When I first had Baby Buggy, I was determined to nurse for six months. “Breast is best,” yada yada yada. I also knew it would help me drop the freaking FORTY pounds I gained and it’s free. Formula is not cheap. And it’s kind of gross. Anyway, I figured if and when we hit the six month mark, I would reassess.
She’s now almost eleven months and still nursing twice a day. While I am ready for her to move on so that 1: I can have my boobs back (I’ve been praying diligently that they return to their former perky state), 2: my fertility will return and we can try for Baby Buggy 2.0, and 3: I don’t end up becoming one of these, it makes me a little sad that it’s going to come to an end soon. Nursing has been an incredible experience for me and it totally created this indescribable bond between me and the Bug.
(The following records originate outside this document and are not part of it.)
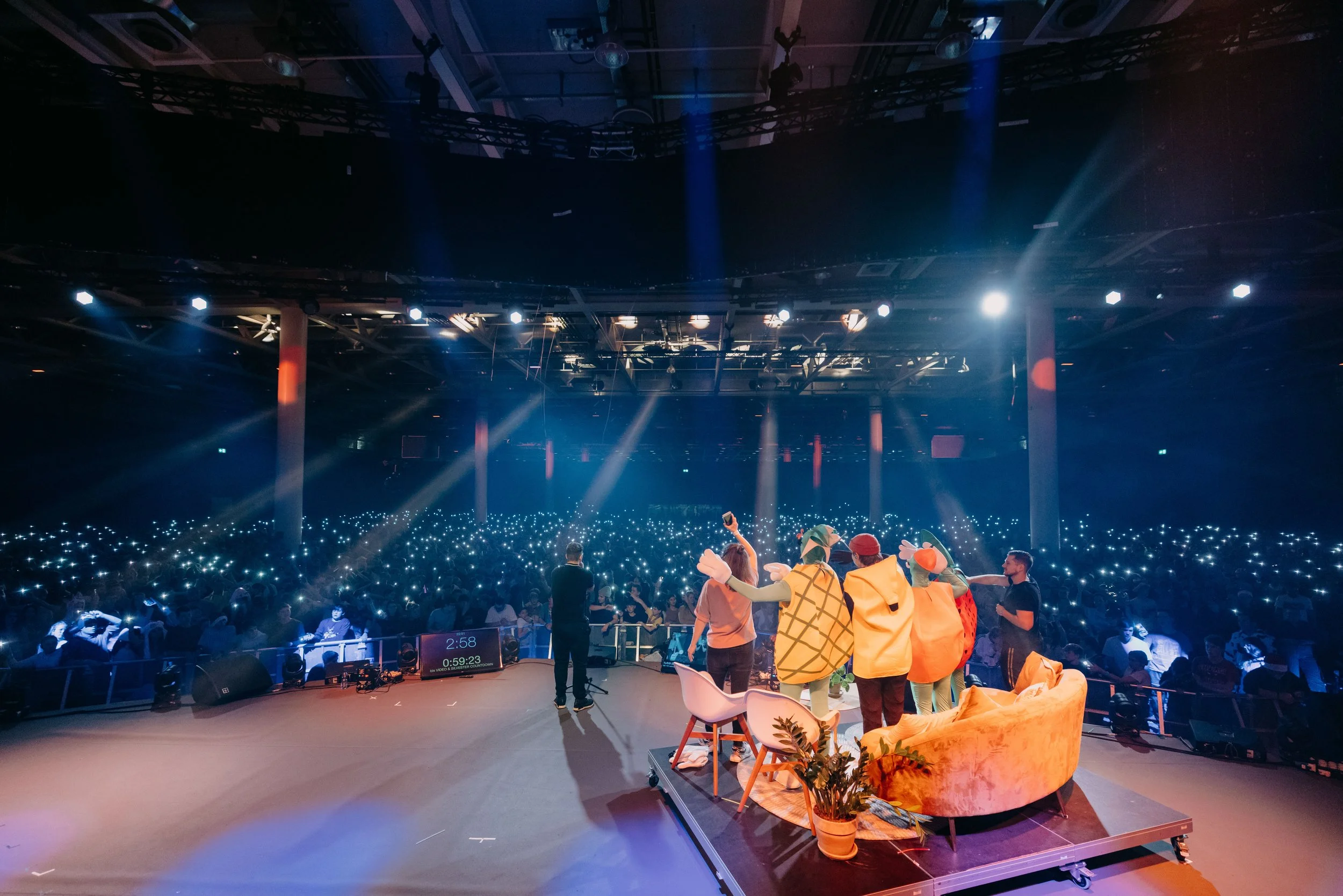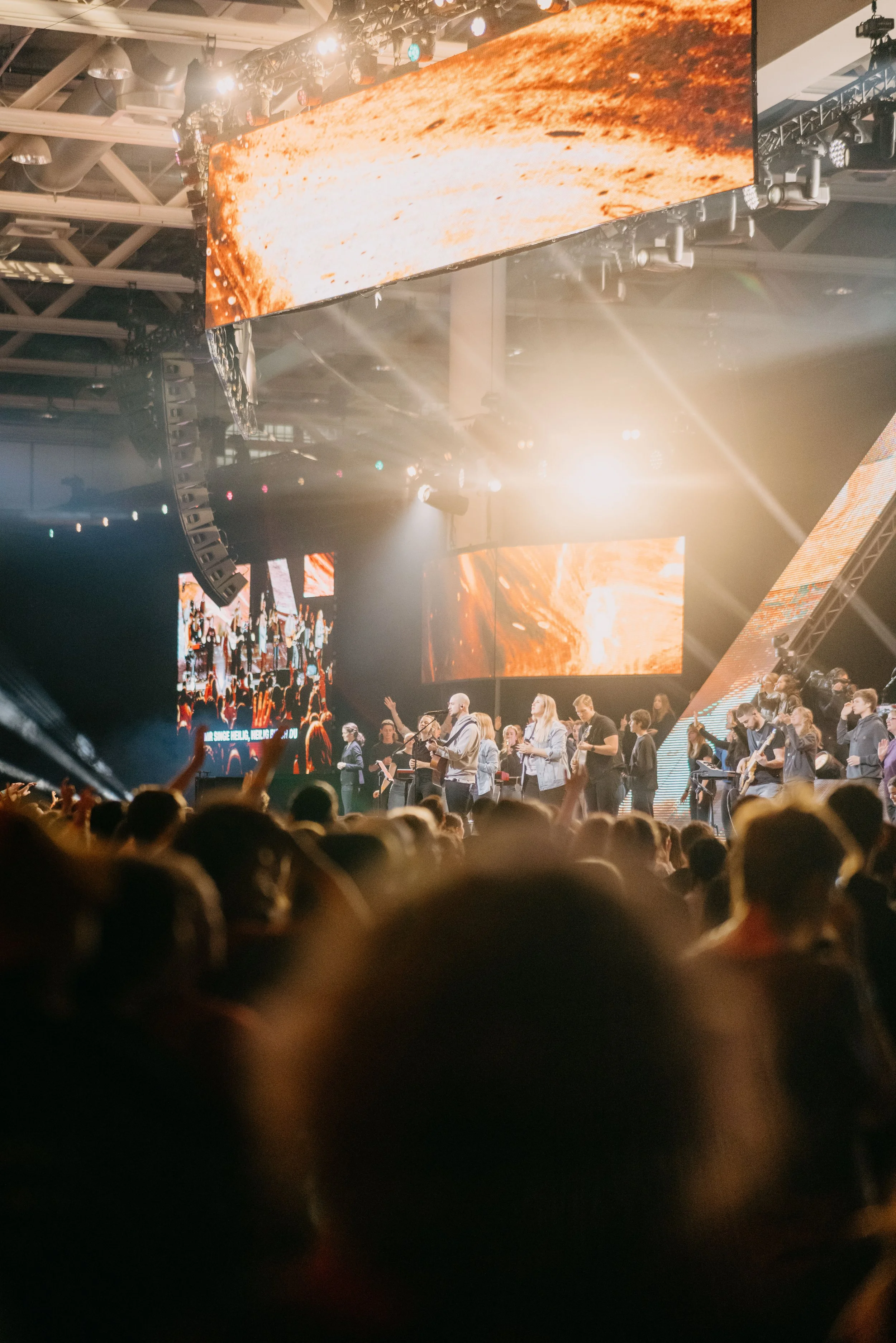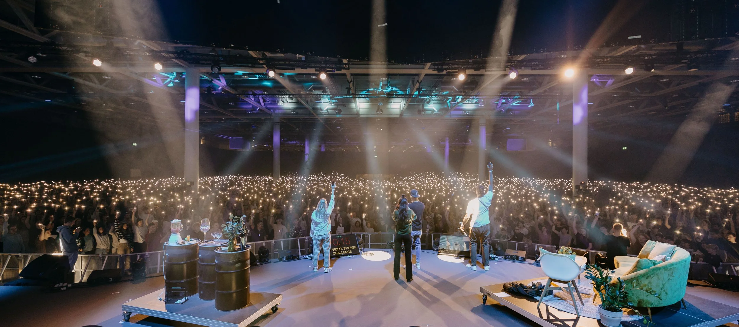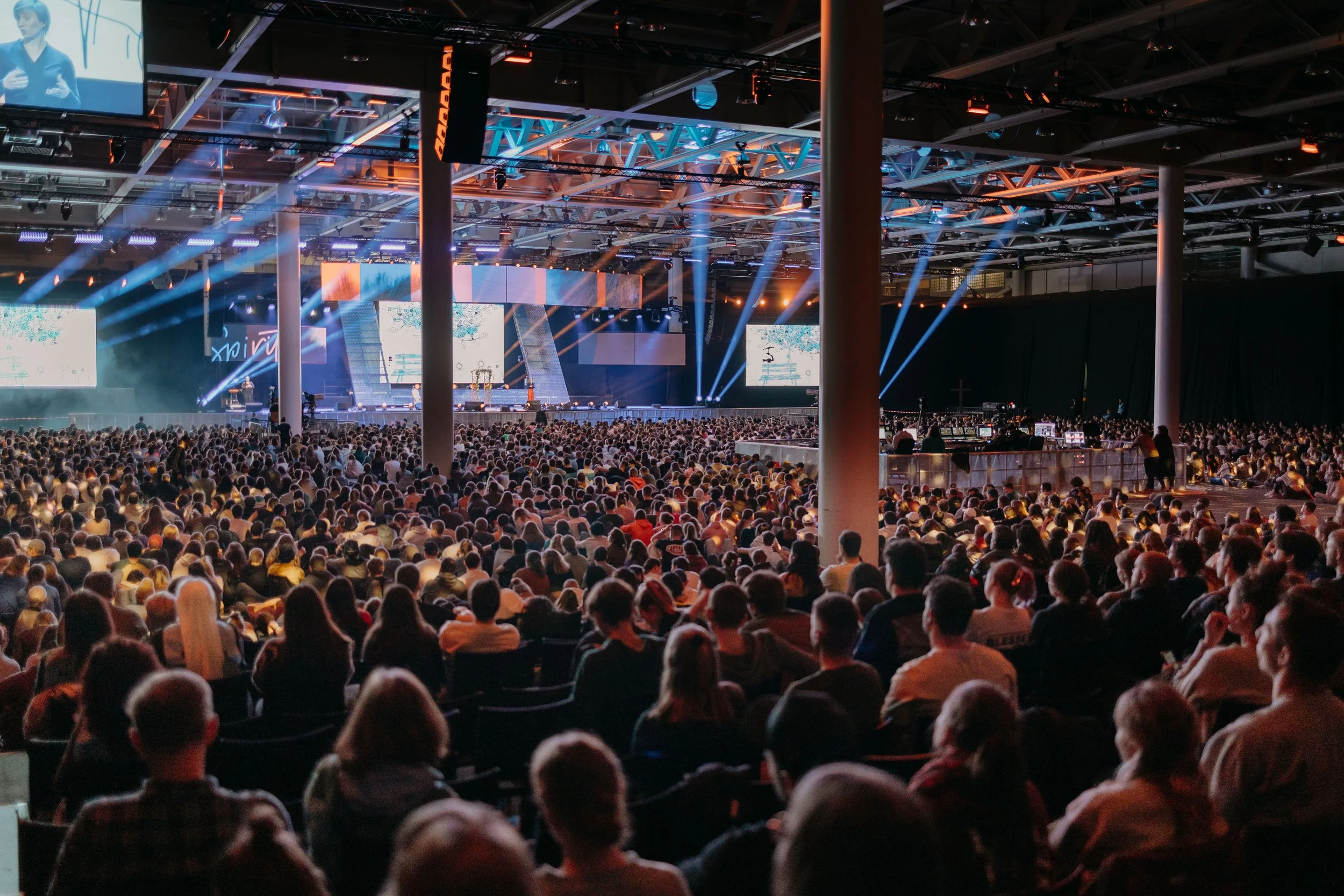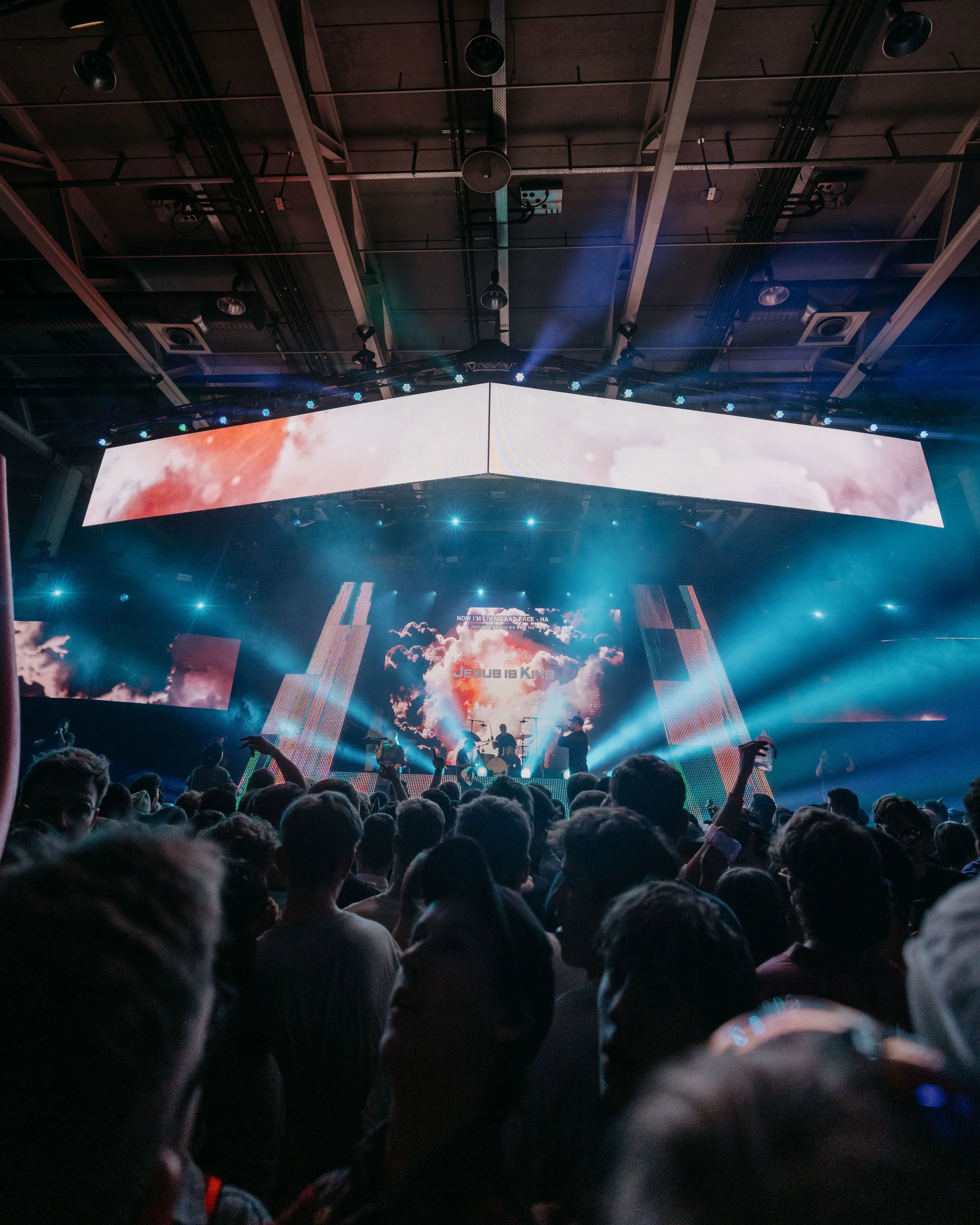 Bühne bei einem Konzert oder einer religiösen Veranstaltung mit einem großen Publikum, auf der LED-Leinwände und Lichterstrahlen sichtbar sind, mit Text "Jesus ist König" auf der zentralen Leinwand.
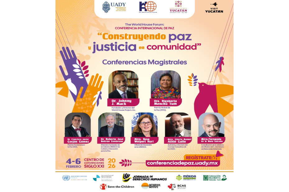 La Universidad Autónoma de Yucatán (UADY) en coordinación con The World House Project, Inc. y el Gobierno del Estado de Yucatán, convoca a la Conferencia… Read More »Voces internacionales se reunirán en Mérida para construir la paz, del 4 al 6 de febrero
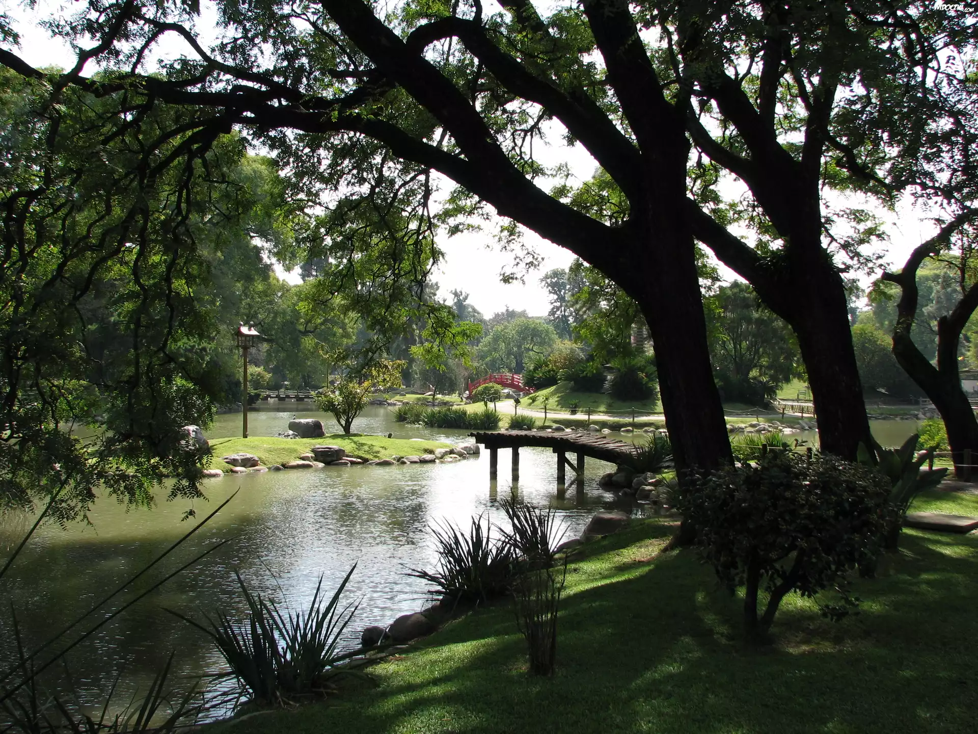 Zdj臋cia, Park, Rzeka, Drzewa, Mostek

Tonight, we did our usual night routine. She had salmon and squash mac & cheese for dinner, followed by playtime, bath time, PJ’s, and about 839 bedtime stories. After that, she always nurses to sleep before I put her in her crib, at which point I can savor an hour of bad television and Ben & Jerry’s. Tonight she literally nursed for about 15 seconds before rejecting me in favor of sucking her thumb. Surprisingly, it made me a little emotional. I mean, I only wanted to make it to six months.
I know we still have a little while to go before she is completely over the boob, but I really want her to be weaned by the time she turns one at the end of next month. Which means our nursing sessions are numbered. I sound like a weenie, but I’m just realizing how fast they really do grow. The helpless baby/fat and tired/sleep-deprived phase is just a season, and a short one at that. We’ve been so focused on celebrating all of her “firsts” – smiling, crawling, standing, babbling – that we didn’t really consider how bittersweet the “lasts” would be.
In other related news, the fact that she only nursed for 15 seconds instead of her usual 20 minutes means I’m engorged and leaking. I won’t cry the last time that happens.